Because different clients authenticate differently — a web BFF may use httpOnly cookies plus CSRF protection, a mobile BFF may use bearer tokens with refresh — putting auth in the BFF lets each client experience use the session model that fits it, without leaking that choice into the services.
6. Response trimming and per-client caching¶
Trimming. Services return complete domain objects; a given screen renders a fraction of them. The BFF projects the response down to what the client draws — dropping fields, flattening nested structures, and renaming to the client's vocabulary. Over a mobile network this directly cuts payload size and parse time.
Per-client caching. The BFF can cache the composed result, keyed to this client's request. A mobile /home payload and a web /dashboard payload are cached independently, with TTLs chosen per client. Because the BFF owns the shape, it also owns the invalidation rules for that shape — the client and the services don't have to reason about it.
7. One BFF per client experience¶
The defining rule: one BFF per distinct frontend experience, not one shared BFF for all clients.
mobile-bff → serves the iOS/Android apps (small trimmed payloads, batches for slow links)
web-bff → serves the desktop web SPA (richer payloads, cookie sessions)
partner-bff → serves an external partner portal (stricter scoping, different rate limits)

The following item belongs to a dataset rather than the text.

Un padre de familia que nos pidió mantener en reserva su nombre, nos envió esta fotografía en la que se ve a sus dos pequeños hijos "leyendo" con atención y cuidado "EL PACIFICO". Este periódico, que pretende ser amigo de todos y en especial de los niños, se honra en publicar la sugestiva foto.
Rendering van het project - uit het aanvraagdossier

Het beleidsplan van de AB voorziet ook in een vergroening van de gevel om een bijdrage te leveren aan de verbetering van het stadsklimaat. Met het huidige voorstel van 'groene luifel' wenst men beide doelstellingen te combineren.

Each of these calls the same underlying User/Feed/Notification services but composes and trims differently. Collapsing them into one API forces compromises: the mobile client drags fields it doesn't need, or the web client can't get the richer view. Separate BFFs let each experience evolve on its own cadence without a shared contract holding both back. (The trade-off — code duplication across BFFs — is a Senior topic.)

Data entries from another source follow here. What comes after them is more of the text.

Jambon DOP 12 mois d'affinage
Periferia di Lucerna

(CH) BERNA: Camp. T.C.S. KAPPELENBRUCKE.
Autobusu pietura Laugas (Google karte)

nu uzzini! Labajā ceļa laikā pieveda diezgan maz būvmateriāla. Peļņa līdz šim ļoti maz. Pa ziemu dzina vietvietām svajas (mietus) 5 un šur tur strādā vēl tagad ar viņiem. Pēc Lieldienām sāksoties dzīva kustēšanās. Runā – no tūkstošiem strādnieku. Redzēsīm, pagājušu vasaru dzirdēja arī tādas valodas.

8. Where the BFF sits, and gateway vs BFF¶
The BFF lives at the edge of the internal network, typically behind the API gateway and in front of the services:
Client ──▶ API Gateway ──▶ BFF ──▶ [ Service A ]
(cross-cutting) (client- ──▶ [ Service B ]
specific) ──▶ [ Service C ]
The gateway and the BFF are complementary, not competing. The gateway handles concerns that are the same for every client; the BFF handles concerns specific to one client.
| Concern | API Gateway | BFF |
|---|---|---|
| Scope | Cross-cutting, all clients | One client experience |
| TLS termination, routing | Yes | No |
| Global rate limiting, WAF | Yes | No (may add client-specific limits) |
| Coarse authentication | Often here | Fine-grained session/identity |
| Fan-out to N services | No | Yes |
| Join / compose responses | No | Yes |
| Protocol translation | Basic | UI-shaped, per client |
| Response trimming to a screen | No | Yes |
| Owned by | Platform / infra team | Frontend team |
A useful test: if the logic is "the same regardless of which app is calling," it belongs in the gateway; if it is "shaped by what this app renders," it belongs in the BFF.
9. Ownership¶
A BFF is owned by the frontend team that consumes it, not by a central platform team. This is what makes the pattern work:
- The team that knows the screens controls the payload shape and can change it in the same PR as the UI change.
- No cross-team ticket is needed to add a field to the home screen — the frontend team edits both the view and its BFF.
- The BFF's contract is an internal detail between one client and its backend, so it can change fast without a formal API deprecation cycle.
That alignment — same team owns the client and its dedicated backend — is the reason a BFF can iterate at UI speed while the shared services underneath stay stable and generic.